• _DATA SECTION_
Segment Open

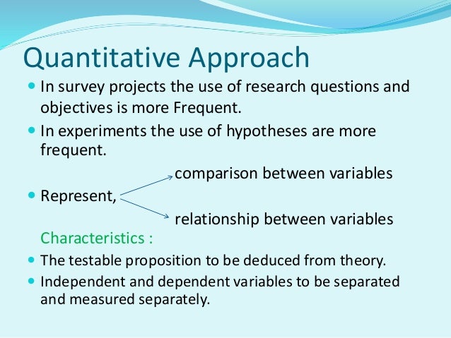 - 22. Quantitative Approach In survey projects the use of research questions and objectives is more Frequent. In experiments the use of hypotheses are more frequent. comparison between variables Represent, relationship between variables Characteristics : The testable proposition to be deduced from theory. Independent and dependent variables to be separated and measured separately.
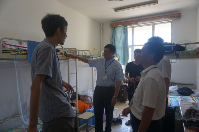 走访队伍到达另一个新生宿舍,看到一位新同学母亲在为其安置行李,戴洁建议到让新生独立安置,锻炼其生活自理能力,也为将来四年大学生活做准备。兰玉彬向新生询问是否对学院、对专业有所了解,他们表示开学前曾与新同学一起了解过我院,对我院近年来的科技研究也略有耳闻,对自己孩子在学院的学习很有信心。针对新生家长提出宿舍能否安装空调的问题,刘元义向新生家长介绍到,目前学校宿舍楼线路仍在改建中,明年有望宿舍统一安置空调,家长表示学校建设日益完善,对孩子的大学生活很放心。
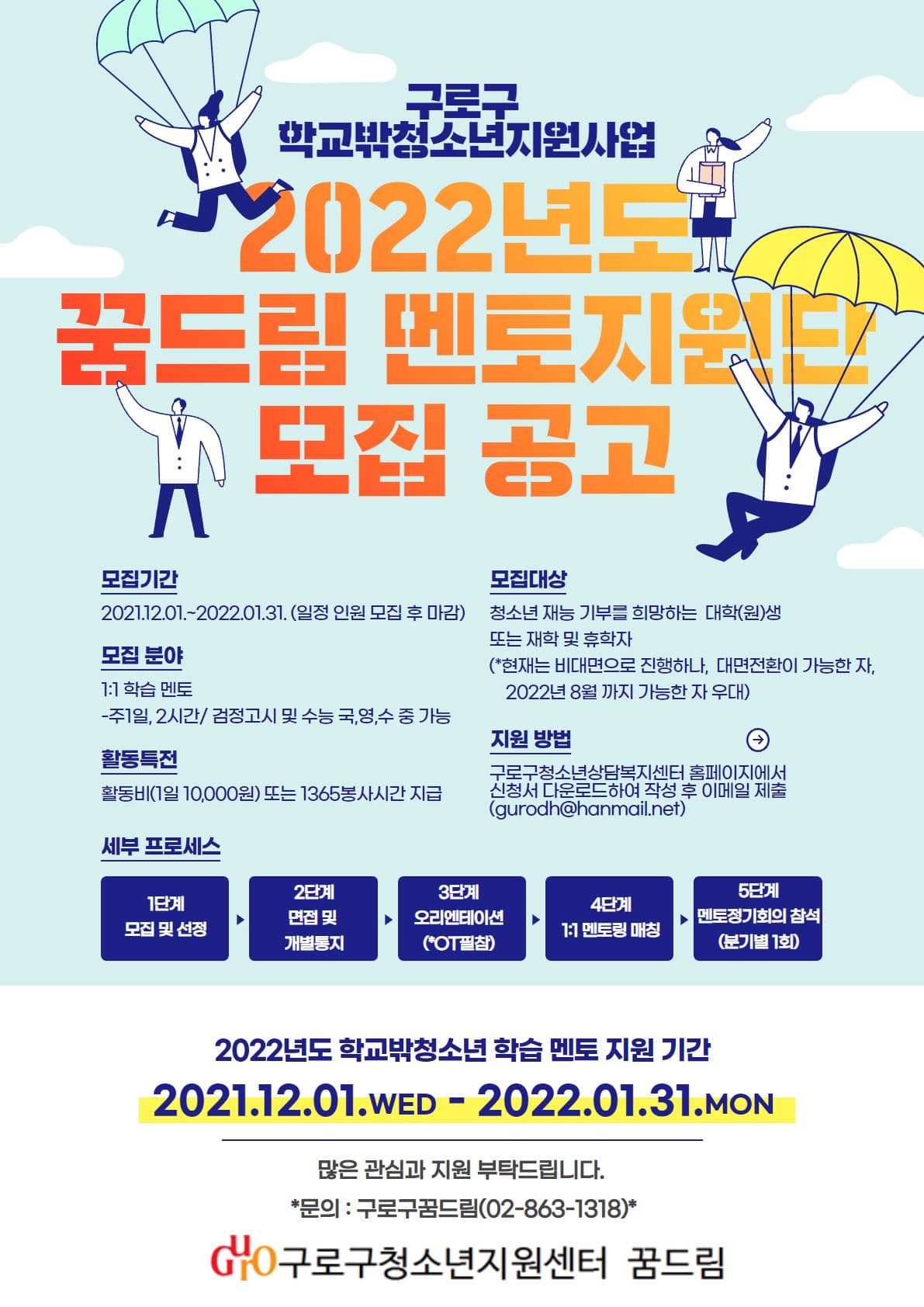 -안녕하세요. 구로구청소년지원센터 꿈드림은 학교 밖 청소년 지원에 관한 법률에 의거하여 청소년들에 대한 상담지원, 교육지원, 직업체험 및 취업지원, 자립지원 등 역할을 수행함으로써 학교 밖 청소년이 건강한 사회구성원으로 성장할 수 있도록 지원하고 있습니다. 다음과 같이 "구로구 꿈드림 1:1 학습 멘토" 를 모집하고자 하오니, 많은 관심과 참여 부탁드립니다! 감사합니다 ♥

Segment Closed

• _WORK REQUEST_
Give back the data exactly, with no images.

• _WRITTEN ANSWER_
 - 22. Quantitative Approach In survey projects the use of research questions and objectives is more Frequent. In experiments the use of hypotheses are more frequent. comparison between variables Represent, relationship between variables Characteristics : The testable proposition to be deduced from theory. Independent and dependent variables to be separated and measured separately.
 走访队伍到达另一个新生宿舍,看到一位新同学母亲在为其安置行李,戴洁建议到让新生独立安置,锻炼其生活自理能力,也为将来四年大学生活做准备。兰玉彬向新生询问是否对学院、对专业有所了解,他们表示开学前曾与新同学一起了解过我院,对我院近年来的科技研究也略有耳闻,对自己孩子在学院的学习很有信心。针对新生家长提出宿舍能否安装空调的问题,刘元义向新生家长介绍到,目前学校宿舍楼线路仍在改建中,明年有望宿舍统一安置空调,家长表示学校建设日益完善,对孩子的大学生活很放心。
 -안녕하세요. 구로구청소년지원센터 꿈드림은 학교 밖 청소년 지원에 관한 법률에 의거하여 청소년들에 대한 상담지원, 교육지원, 직업체험 및 취업지원, 자립지원 등 역할을 수행함으로써 학교 밖 청소년이 건강한 사회구성원으로 성장할 수 있도록 지원하고 있습니다. 다음과 같이 "구로구 꿈드림 1:1 학습 멘토" 를 모집하고자 하오니, 많은 관심과 참여 부탁드립니다! 감사합니다 ♥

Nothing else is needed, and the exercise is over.